С тех пор как британцам было позволено обосноваться на острове, от 540 квадратных километров тропического леса, который некогда покрывал местность, осталось не больше трех – как раз в заповедниках Букит-Тимах и Сентрал-Кэтчмент. Помимо этого, там можно насчитать около 20 квадратных километров так называемой вторичной растительности – это те самые зеленые пятна на карте, каждое размером не больше почтовой марки. Организмам, которым для жизни мало одного бетона, без этих зеленых островков не обойтись.

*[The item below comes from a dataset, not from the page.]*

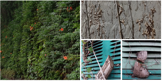 그런데 어느 날, 내가 줄곧 다니던 길에서 무참한 일이 벌어지고 말았다. 수 십 년간 다녔던 담장을 여름이 되면 노랗고 붉은 꽃으로 온통 장식했던 능소화 가 무참하게 잘려 나갔다. 매년 여름이 되면 능소화를 볼 수 있다는 기쁨과 기 다림이 있던 담장이었다. 그런 마을의 자랑이었던 능소화 수십 그루를 잔인하 게 싹둑싹둑 잘랐다. 덕분에 어여쁜 초록 담장 정체가 콘크리트 기초에 선 방음 벽이라는 것이 드러났다.

Но вот незадача: чем островок меньше и удаленнее от других, тем меньше там живого. Энтомолог Эдвард Уилсон и эколог-теоретик Роберт Макартур разработали в 1960-х новую экологическую теорию – теорию островной биогеографии. Давайте ее рассмотрим. Для начала представим себе несколько островов – пусть это будут настоящие острова в океане или любые другие изолированные местообитания. Количество видов, допустим, бабочек на каждом острове зависит от двух факторов: насколько быстро разные виды бабочек долетают до острова и насколько быстро там исчезают. Чем остров меньше и дальше от континента, тем более вероятно, что бабочка пролетит мимо и не станет там жить. Но если вид все же поселится на острове, его выживаемость также будет зависеть от размера острова. На большом острове популяция бабочек легко достигнет нескольких тысяч особей, так что виду ничто не будет угрожать. А вот на маленьком хватит места разве что для пары десятков особей, да и те с немалой вероятностью рано или поздно погибнут от сильной жары или болезни. Уилсон и Макартур рассмотрели эти факторы и вывели ряд математических правил, по которым можно на удивление точно подсчитать количество видов на острове. При увеличении размера острова на один порядок количество видов удваивается. Это относится не только к бабочкам, но и к жукам и птицам.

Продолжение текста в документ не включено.